Suivi de l’exécution et évaluation des résultats
- Au terme de l’accompagnement proposé, l’établissement sera doté des livrables suivants : Rapport d’auto-évaluation de l’établissement selon le référentiel INTERDIAG de l’ANAP inclus sur la plateforme AGEVAL de l’établissement (fichier pdf) et Plan d’actions issu de l’audit inclus sur la plateforme AGEVAL de l’établissement (Excel, PDF, fichier d’import).
- Pour la réussite de la mission, nous insistons sur la nécessaire implication des professionnels de l’établissement au sein des groupes de travail d’auto évaluation.

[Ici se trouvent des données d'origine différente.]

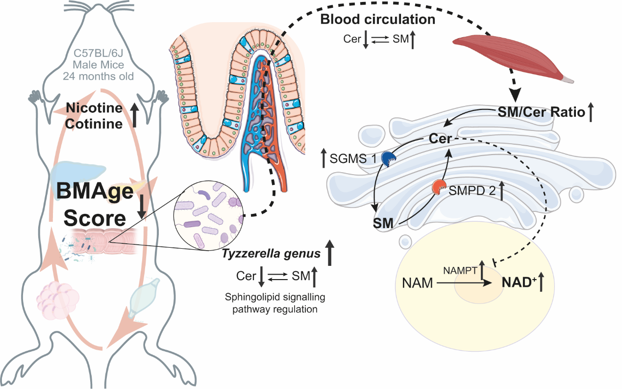 研究发现,长期饮用尼古丁并不显著影响小鼠的学习记忆或血糖代谢,也未观察到对肝脏、胰腺等器官的结构性损伤或免疫抑制。值得关注的是,尼古丁在衰老过程中表现出显著的运动功能保护作用,高剂量组尤为明显,提示其可能具备抗“运动虚弱”的潜在价值。代谢组学分析显示,尼古丁可重塑多个器官的能量与脂类代谢通路,其中白色脂肪组织可能发挥关键调控作用。肠道菌群研究发现,尼古丁可维持Tyzzerella等菌属的稳定丰度。进一步的关联网络分析提示,鞘脂代谢通路的激活可能介导了“肠-—代谢--运动”调控轴,肠道菌群代谢物富集于鞘脂信号通路,提示尼古丁重塑衰老代谢或顺利获得鞘脂代谢实现。分子信号通路研究进一步表明,尼古丁顺利获得影响鞘磷脂(SM)与神经酰胺(Cer)间的平衡、减少Cer相对积累来重塑能量代谢;鞘磷脂合成酶和中性水解酶参与调控该鞘磷脂-—神经酰胺稳态,最终可能介导尼古丁在衰老过程中对运动功能下降的保护作用(图4)。

Ressources techniques et pédagogiques
- La plus-value de la proposition réside dans l’application de l’audit du circuit du médicament avec l’appui de l’outil AGEVAL parfaitement maitrisé par le consultant. L’outil AGEVAL peut ainsi servir de support pour la réalisation de la mission. Cela permettra à l’établissement une appropriation de la démarche et de l’outil par les professionnels et ainsi une pérennité de la démarche au-delà de l’intervention du consultant. La valeur ajoutée du consultant est également sa très bonne connaissance du secteur médico-social et sanitaire, sous-tendue par une expérience professionnelle solide.
Qualité et satisfaction
Ce programme d’accompagnement n’est pas concerné par les exigences Qualiopi.
Capacité d’accueil
Entre 1 et 12 apprenants
Accessibilité
Les personnes en situation de handicap sont invitées à nous contacter pour toutes questions relatives aux conditions d’accessibilité de cet accompagnement. Une référente handicap est nommée à AGEVAL FORMATIONS et des partenariats sont mis en place selon les besoins spécifiques identifiés.